• _Recorded information_:

=== Begin Enclosure ===

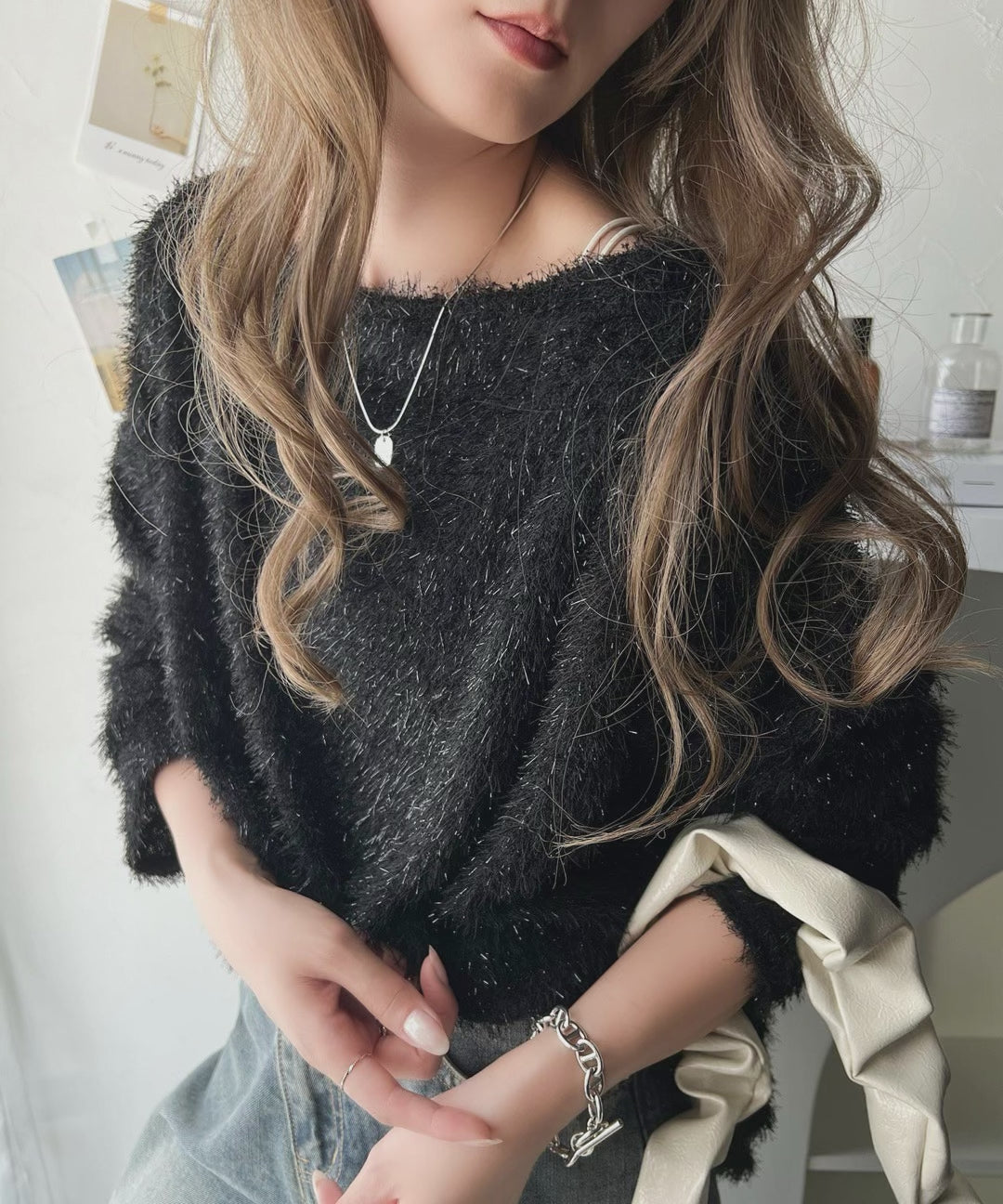 トレンド感あるラメ入りシャギーを使用しているので
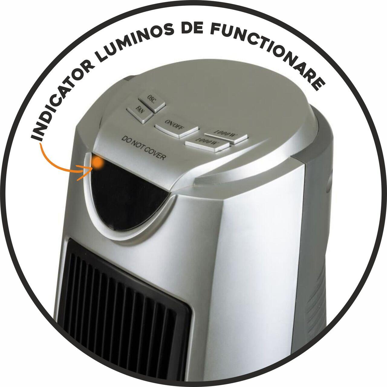 Aparatul oferă 2 trepte de putere (1000W și 2000W), permițându-ți să reglezi nivelul de căldură în funcție de necesități. De asemenea, este echipat cu protecție la supraîncălzire, pentru o utilizare sigură și de lungă durată.
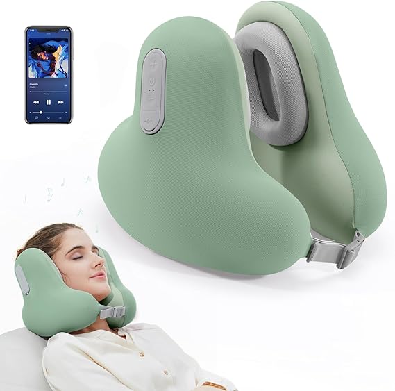 - 𝐁𝐋𝐔𝐄𝐓𝐎𝐎𝐓𝐇 𝐇𝐄𝐀𝐃𝐒𝐄𝐓: This neck pillow is equipped with an audio feature that allows you to play audio from your phone, tablet, computer, etc. via Bluetooth, with noise-canceling high-definition sound quality that allows you to enjoy your favorite music while working or relaxing.

=== End Enclosure ===

• _Instructions for the task_:
Starting from the line that has "Aparatul oferă 2" and ending at the last line of the material above, every line should be output exactly; pictures are dropped and nothing else appears.

• _Written solution_:
 Aparatul oferă 2 trepte de putere (1000W și 2000W), permițându-ți să reglezi nivelul de căldură în funcție de necesități. De asemenea, este echipat cu protecție la supraîncălzire, pentru o utilizare sigură și de lungă durată.
 - 𝐁𝐋𝐔𝐄𝐓𝐎𝐎𝐓𝐇 𝐇𝐄𝐀𝐃𝐒𝐄𝐓: This neck pillow is equipped with an audio feature that allows you to play audio from your phone, tablet, computer, etc. via Bluetooth, with noise-canceling high-definition sound quality that allows you to enjoy your favorite music while working or relaxing.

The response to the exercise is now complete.